A baggy green cap worn by the Australian cricket great Sir Donald Bradman has sold for $460,000 to an anonymous buyer at a Gold Coast auction.
Bradman wore the cap during the 1947-48 series against India – his final home Test series before retiring in 1948 with a career batting average of 99.94, earning him the reputation as cricket’s greatest batter.
Bradman gifted the cap to the Indian cricketer SW Sohoni during the series and it remained with his family for generations, never exhibited publicly.
It was sold on Monday afternoon by Lloyds Auctions.

Lee Hames, the chief operating officer of Lloyds Auctioneers and Valuers, called the cap a “holy grail of cricket” before the bidding commenced.
Hames said at the auction that Sohoni’s “dying wish was to have the cap return to Australian shores”.
“It has been hidden for 75 years, that’s over three generations under lock and key,” he said. “If you were a family member you were only allowed to look at it when you were 16 years old for five minutes.”
A spokesperson for Lloyds Auctions said the cap would now remain in Australia and “will be put on display at a prominent museum”.

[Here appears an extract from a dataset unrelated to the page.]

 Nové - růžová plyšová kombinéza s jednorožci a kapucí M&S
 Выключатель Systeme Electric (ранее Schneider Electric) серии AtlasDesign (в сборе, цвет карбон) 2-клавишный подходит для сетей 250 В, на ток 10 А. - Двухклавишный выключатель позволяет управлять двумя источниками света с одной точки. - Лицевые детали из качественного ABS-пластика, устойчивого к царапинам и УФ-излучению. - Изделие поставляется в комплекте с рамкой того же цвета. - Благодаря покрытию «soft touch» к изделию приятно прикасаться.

On the inside of the cap, the names “D.G. Bradman” and “S.W. Sohoni” are inscribed.
Bids for the baggy green started at $1, garnering significant interest from buyers in person and online from around Australia, India and the UK – ultimately selling for $460,000 before the addition of a 16.5% buyer’s premium.

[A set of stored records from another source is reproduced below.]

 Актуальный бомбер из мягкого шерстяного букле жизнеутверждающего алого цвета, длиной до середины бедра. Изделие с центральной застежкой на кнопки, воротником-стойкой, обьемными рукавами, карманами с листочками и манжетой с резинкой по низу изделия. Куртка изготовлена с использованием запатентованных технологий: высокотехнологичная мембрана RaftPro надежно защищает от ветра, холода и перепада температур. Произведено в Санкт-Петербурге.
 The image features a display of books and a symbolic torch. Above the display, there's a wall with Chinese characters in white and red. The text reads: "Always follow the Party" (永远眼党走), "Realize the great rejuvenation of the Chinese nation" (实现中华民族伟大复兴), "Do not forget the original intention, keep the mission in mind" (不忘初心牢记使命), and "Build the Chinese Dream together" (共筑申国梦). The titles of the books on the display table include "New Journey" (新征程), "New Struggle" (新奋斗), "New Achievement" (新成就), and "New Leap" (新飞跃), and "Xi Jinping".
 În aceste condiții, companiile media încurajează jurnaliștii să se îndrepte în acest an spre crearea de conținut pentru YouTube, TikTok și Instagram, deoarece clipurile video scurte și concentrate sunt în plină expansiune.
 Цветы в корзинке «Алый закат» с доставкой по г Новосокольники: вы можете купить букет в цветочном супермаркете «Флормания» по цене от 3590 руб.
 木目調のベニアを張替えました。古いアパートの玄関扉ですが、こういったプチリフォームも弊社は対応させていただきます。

“Cherished in the family collection ever since, this cap links you to Don Bradman’s invincible era and a memorable exchange with the Indian squad,” the cap’s auction description said.
“Australia dominated, winning 4–0 with one match drawn … part of the post-World War II revival of international cricket.”

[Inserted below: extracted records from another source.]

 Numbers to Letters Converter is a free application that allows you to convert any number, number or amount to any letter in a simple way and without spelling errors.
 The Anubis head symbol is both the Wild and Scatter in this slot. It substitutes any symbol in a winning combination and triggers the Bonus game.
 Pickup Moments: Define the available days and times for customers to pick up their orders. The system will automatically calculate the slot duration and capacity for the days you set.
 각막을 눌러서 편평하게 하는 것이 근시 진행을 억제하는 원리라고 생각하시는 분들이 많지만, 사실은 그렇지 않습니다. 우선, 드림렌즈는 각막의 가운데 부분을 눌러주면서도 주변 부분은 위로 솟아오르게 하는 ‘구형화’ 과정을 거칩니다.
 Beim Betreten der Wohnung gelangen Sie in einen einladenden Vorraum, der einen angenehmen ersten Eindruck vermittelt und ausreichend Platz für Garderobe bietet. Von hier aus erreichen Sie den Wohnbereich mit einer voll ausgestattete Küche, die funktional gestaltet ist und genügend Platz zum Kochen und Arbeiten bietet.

The series marked India’s first Test tour of Australia as an independent nation.

Hames said Bradman remains “one of Australia’s defining national figures”.
“A baggy green he personally gifted, carefully preserved by the same family for 75 years and still in remarkable condition, is a piece of history with genuine national importance and one rarely seen outside private hands.”
The baggy green is adorned with the Australian cricket coat of arms, with “1947-48” embroidered underneath.
There are 11 known Bradman baggy greens in existence – from an era when Test cricketers wore a different cap for each series, unlike modern Australian players.
Bradman’s first cap, from his 1928 debut season, sold for $450,000 in 2020. The baggy green he wore on his last tour, to England in 1948, went for $425,000 in 2003 – later resold for about $400,000 in 2008.
In 2024, his “sun faded and worn” baggy green sold at auction for $479,700 – a record high for a cap worn by Bradman.
The record price for a baggy green belongs to Shane Warne, which raised $1,007,500 for the Australian Red Cross bushfire appeal in 2020.